_Task directions:_
Starting at the line below with "На сьогодні ДПС" and stopping at the line with "步骤1、打开战盟客户端,点击顶部头像,选择【个人设置】", please print each line exactly, those two included, and skip every picture.

_Excerpted records:_
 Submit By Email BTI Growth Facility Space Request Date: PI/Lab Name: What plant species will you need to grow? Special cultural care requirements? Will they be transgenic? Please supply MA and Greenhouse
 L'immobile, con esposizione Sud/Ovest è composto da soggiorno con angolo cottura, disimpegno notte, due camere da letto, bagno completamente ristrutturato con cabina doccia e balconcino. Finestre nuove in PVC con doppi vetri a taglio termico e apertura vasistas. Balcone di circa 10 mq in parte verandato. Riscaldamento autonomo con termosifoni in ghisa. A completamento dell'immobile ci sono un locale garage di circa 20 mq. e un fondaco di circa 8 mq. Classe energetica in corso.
---
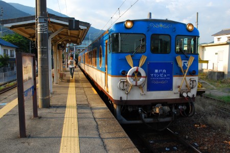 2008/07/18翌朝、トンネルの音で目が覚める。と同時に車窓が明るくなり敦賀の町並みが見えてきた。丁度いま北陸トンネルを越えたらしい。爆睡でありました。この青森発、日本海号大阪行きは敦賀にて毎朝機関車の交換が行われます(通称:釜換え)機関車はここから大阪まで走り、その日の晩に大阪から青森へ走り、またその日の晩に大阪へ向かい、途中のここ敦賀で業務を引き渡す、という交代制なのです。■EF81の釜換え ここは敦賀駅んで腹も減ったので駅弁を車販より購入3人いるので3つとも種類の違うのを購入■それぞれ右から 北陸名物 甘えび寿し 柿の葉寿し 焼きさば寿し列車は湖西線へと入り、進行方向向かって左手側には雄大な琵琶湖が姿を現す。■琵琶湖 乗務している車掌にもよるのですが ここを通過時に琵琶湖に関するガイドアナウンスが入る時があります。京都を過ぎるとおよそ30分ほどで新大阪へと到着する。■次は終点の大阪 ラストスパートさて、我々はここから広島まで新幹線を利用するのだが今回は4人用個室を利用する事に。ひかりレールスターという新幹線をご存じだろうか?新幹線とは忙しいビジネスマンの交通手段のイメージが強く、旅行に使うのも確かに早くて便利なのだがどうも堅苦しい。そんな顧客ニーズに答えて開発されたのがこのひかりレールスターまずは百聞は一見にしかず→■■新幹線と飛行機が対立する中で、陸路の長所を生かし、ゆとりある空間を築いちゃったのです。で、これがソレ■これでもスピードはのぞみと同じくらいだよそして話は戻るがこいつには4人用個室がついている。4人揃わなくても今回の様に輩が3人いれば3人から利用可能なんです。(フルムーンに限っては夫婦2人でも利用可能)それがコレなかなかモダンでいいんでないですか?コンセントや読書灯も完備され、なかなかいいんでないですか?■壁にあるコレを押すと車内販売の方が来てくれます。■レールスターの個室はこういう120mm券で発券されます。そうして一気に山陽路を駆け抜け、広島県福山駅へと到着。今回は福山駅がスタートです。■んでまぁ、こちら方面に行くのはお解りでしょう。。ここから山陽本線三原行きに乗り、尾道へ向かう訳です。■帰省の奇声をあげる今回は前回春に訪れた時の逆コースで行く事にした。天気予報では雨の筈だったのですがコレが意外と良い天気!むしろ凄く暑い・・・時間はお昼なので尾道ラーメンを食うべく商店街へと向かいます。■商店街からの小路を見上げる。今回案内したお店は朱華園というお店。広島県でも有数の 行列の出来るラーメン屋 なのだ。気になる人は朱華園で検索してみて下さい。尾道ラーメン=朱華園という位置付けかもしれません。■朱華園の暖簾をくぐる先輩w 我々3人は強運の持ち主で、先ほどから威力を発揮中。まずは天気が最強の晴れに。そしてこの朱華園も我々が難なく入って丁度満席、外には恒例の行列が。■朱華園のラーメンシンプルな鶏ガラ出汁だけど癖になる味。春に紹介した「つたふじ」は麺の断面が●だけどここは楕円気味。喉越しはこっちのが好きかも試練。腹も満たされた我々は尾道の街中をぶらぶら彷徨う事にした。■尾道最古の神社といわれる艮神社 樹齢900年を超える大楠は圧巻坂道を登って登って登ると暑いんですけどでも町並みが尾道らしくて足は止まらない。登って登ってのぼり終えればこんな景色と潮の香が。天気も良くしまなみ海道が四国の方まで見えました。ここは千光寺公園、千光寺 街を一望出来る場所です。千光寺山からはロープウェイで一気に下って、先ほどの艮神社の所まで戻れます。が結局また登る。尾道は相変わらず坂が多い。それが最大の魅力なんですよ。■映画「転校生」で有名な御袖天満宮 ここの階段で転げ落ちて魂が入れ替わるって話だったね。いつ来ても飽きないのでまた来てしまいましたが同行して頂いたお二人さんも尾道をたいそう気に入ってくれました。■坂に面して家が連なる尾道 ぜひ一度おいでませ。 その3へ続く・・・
==
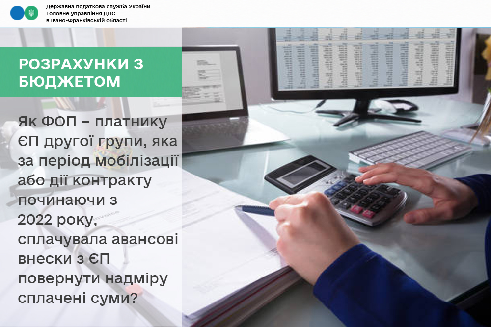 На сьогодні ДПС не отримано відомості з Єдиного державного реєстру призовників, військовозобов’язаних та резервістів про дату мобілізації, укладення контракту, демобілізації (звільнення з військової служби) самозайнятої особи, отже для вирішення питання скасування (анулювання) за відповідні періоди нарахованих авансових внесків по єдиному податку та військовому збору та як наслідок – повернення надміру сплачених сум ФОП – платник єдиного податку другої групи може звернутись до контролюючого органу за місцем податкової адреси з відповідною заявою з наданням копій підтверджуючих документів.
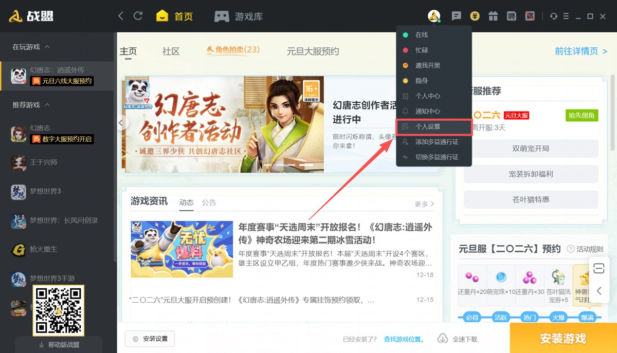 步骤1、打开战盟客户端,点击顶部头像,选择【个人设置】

_Task response:_
 На сьогодні ДПС не отримано відомості з Єдиного державного реєстру призовників, військовозобов’язаних та резервістів про дату мобілізації, укладення контракту, демобілізації (звільнення з військової служби) самозайнятої особи, отже для вирішення питання скасування (анулювання) за відповідні періоди нарахованих авансових внесків по єдиному податку та військовому збору та як наслідок – повернення надміру сплачених сум ФОП – платник єдиного податку другої групи може звернутись до контролюючого органу за місцем податкової адреси з відповідною заявою з наданням копій підтверджуючих документів.
 步骤1、打开战盟客户端,点击顶部头像,选择【个人设置】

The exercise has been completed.